**GIVEN INFORMATION**
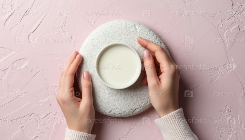 Женские руки, держащие белый кремовый горшок Top View Minimalism
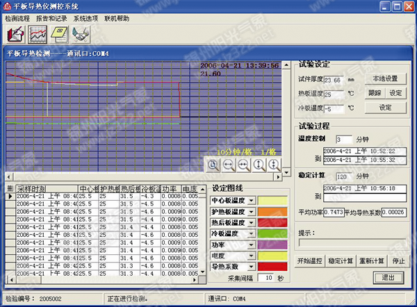 5、智能化的數(shù)據(jù)處理。高度自動化的計算機數(shù)據(jù)通訊和報告處理系統(tǒng),平板導熱儀帶有計算機通訊接口,可以從計算機上設定熱板冷板控制溫度,實時顯示溫度實際曲線。
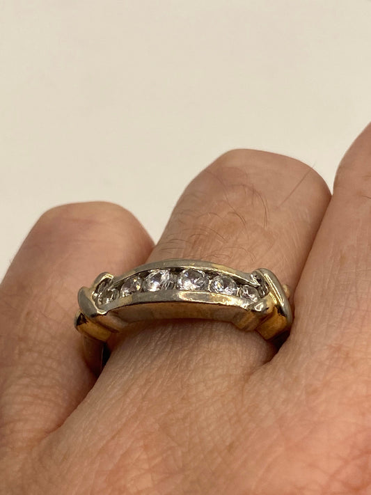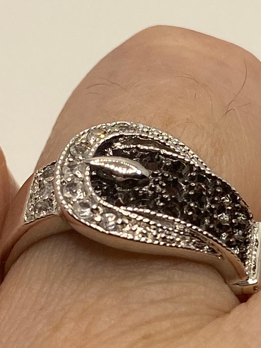 Vintage White Sapphire 925 Sterling Silver Buckle Wedding Band Ring
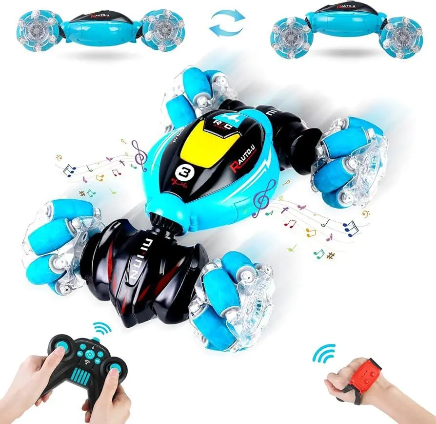 🚗 Se mueve en todas las direcciones: adelante, atrás, gira y da vueltas 360° 💡 Luces LED brillantes en las ruedas 🎶 Efectos de sonido 🌀 Diseño flexible con sistema de torsión que permite saltos y giros locos ⚙️ Doble modo de control (control remoto o gestos con la mano) 🔋 Batería recargable incluida
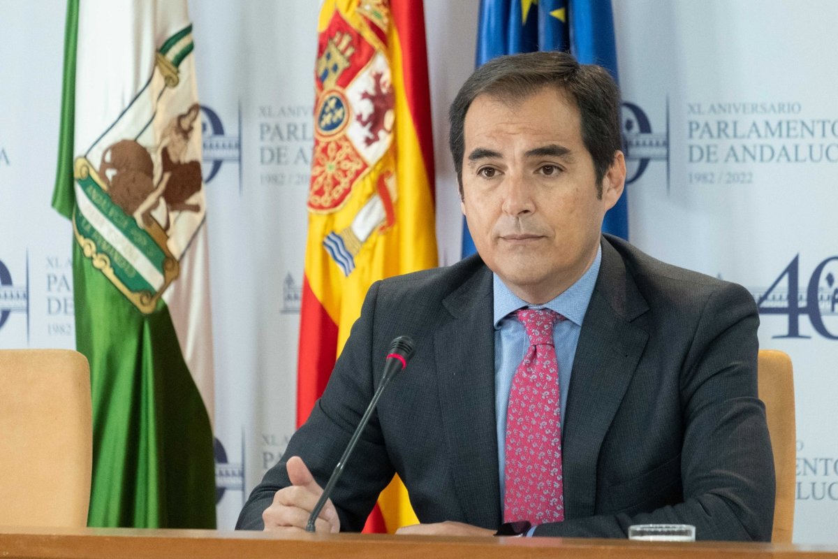 En rueda de prensa, el portavoz del PP-A en el Parlamento andaluz, José Antonio Nieto,
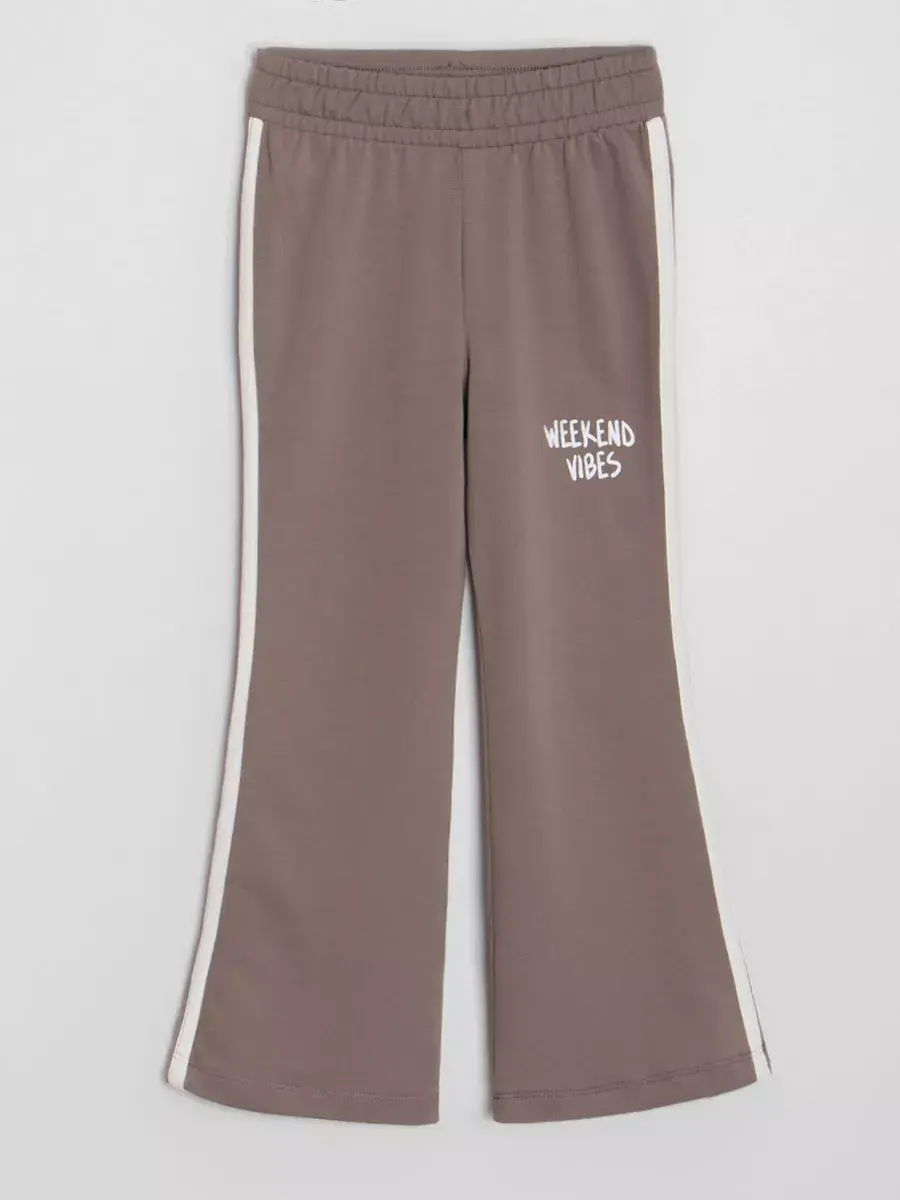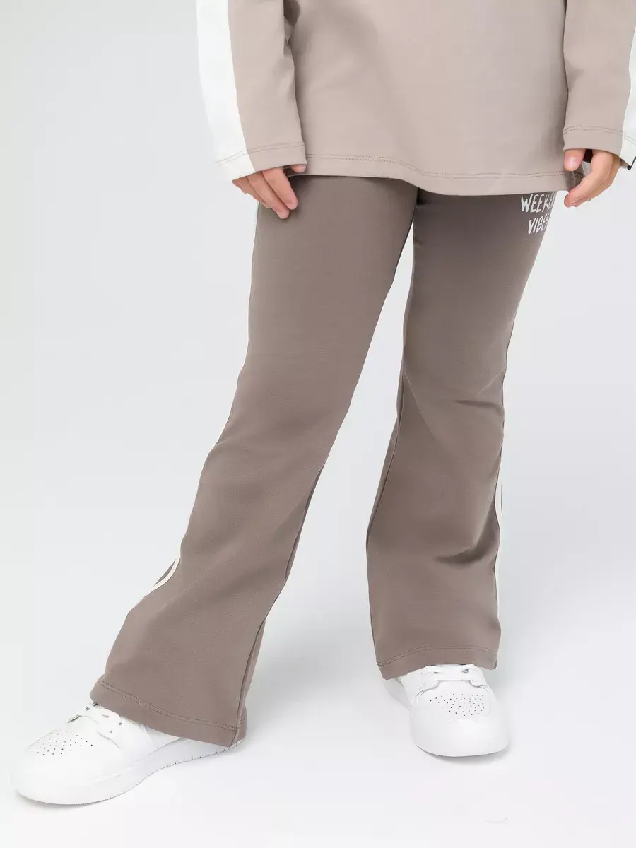Брюки клеш для девочек - выполнены также из трикотажной ткани на основе натурального хлопка. Широкий пояс на резинке не сдавливает животик ребенка и обеспечивает надежную фиксацию на талии. Расширенные от колена к низу брючины придают образу оригинальность и следуют последним модным тенденциям.
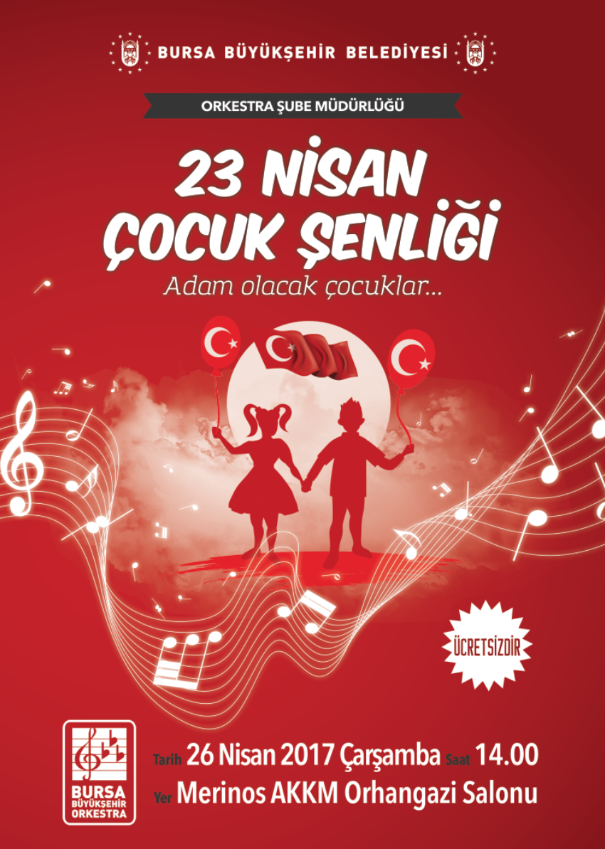 BURSA – Bursa Büyükşehir Belediyesi Orkestra Şube Müdürlüğü’nün ’23 Nisan Çocuk Şenliği’ temalı konseri, 26 Nisan Çarşamba günü saat 14.00’da Atatürk Kongre Kültür Merkezi (Merinos AKKM) Orhangazi Salonu’nda gerçekleştirilecektir.
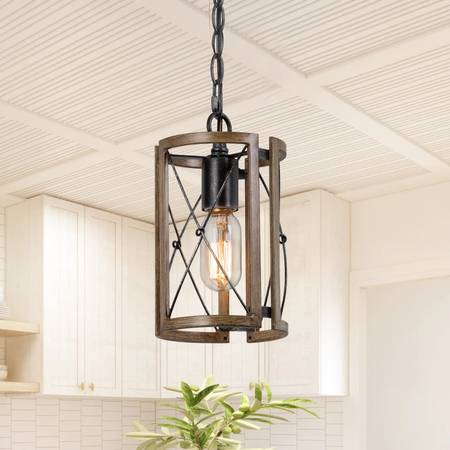 Bring a touch of rustic charm to your modern decor with our Modern Farmhouse Cylinder Wood Metal Small Pendant Industrial Cage Kitchen Island Lights. The vintage brown finish of the rustic metal and wood panels beautifully blends to create an upscale vibe that is perfect for your kitchen island or dining room. With the ability to be mounted on a slanted or sloped ceiling, this pendant offers versatility in placement, and the DIY option lets you experiment and have more fun with the hanging length of multiple pendants.
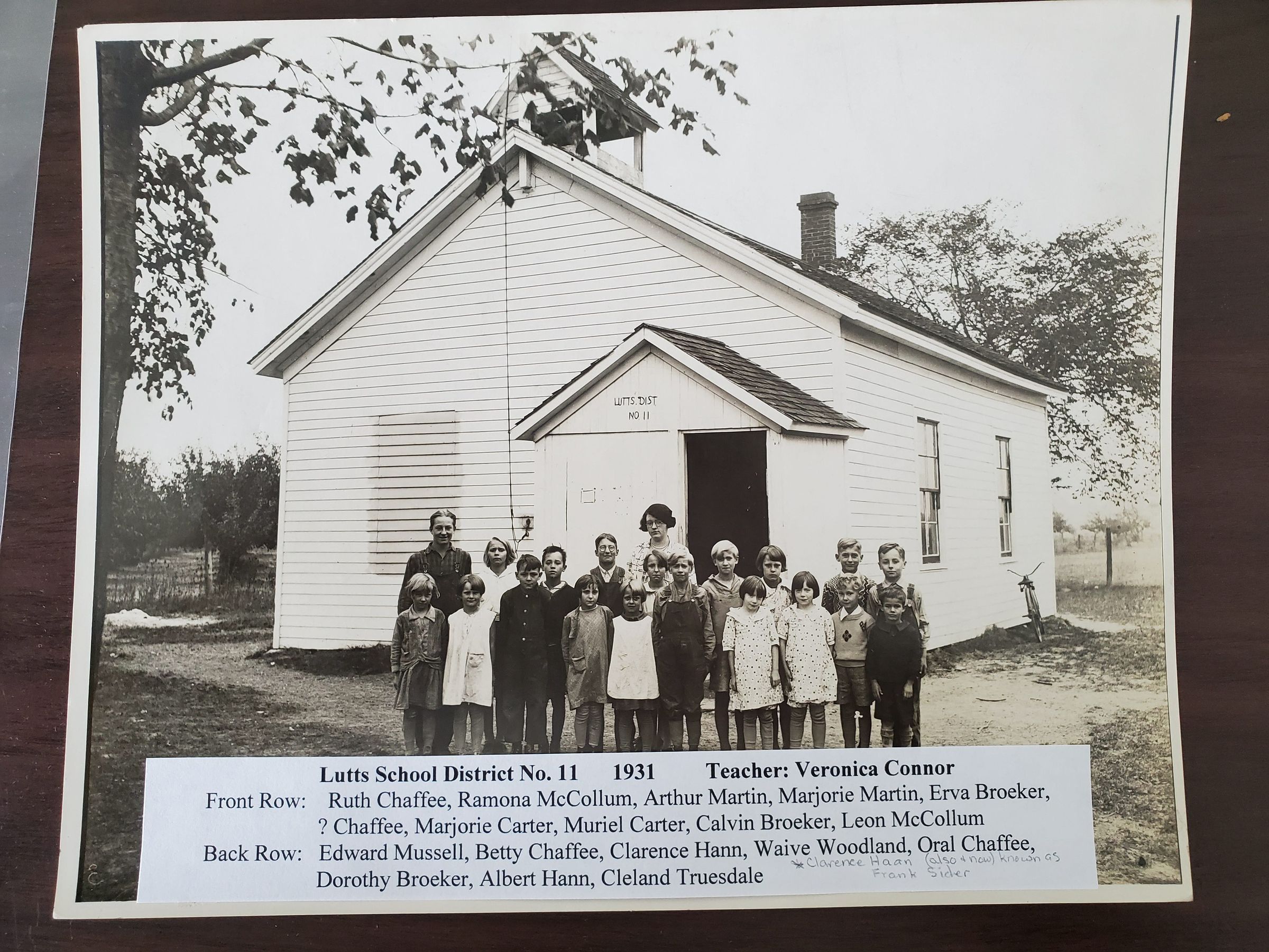 sepia colored copy of photo of Lutts District 11 students and teacher Veronica Connor in front of school; names included; 1931Acquisition

**ASSIGNED TASK**
What you return must match the lines above from the one with "En rueda de" through the one with "Брюки клеш для" exactly, with both ends included and the pictures excluded.

**SOLVED PROBLEM**
 En rueda de prensa, el portavoz del PP-A en el Parlamento andaluz, José Antonio Nieto,
Брюки клеш для девочек - выполнены также из трикотажной ткани на основе натурального хлопка. Широкий пояс на резинке не сдавливает животик ребенка и обеспечивает надежную фиксацию на талии. Расширенные от колена к низу брючины придают образу оригинальность и следуют последним модным тенденциям.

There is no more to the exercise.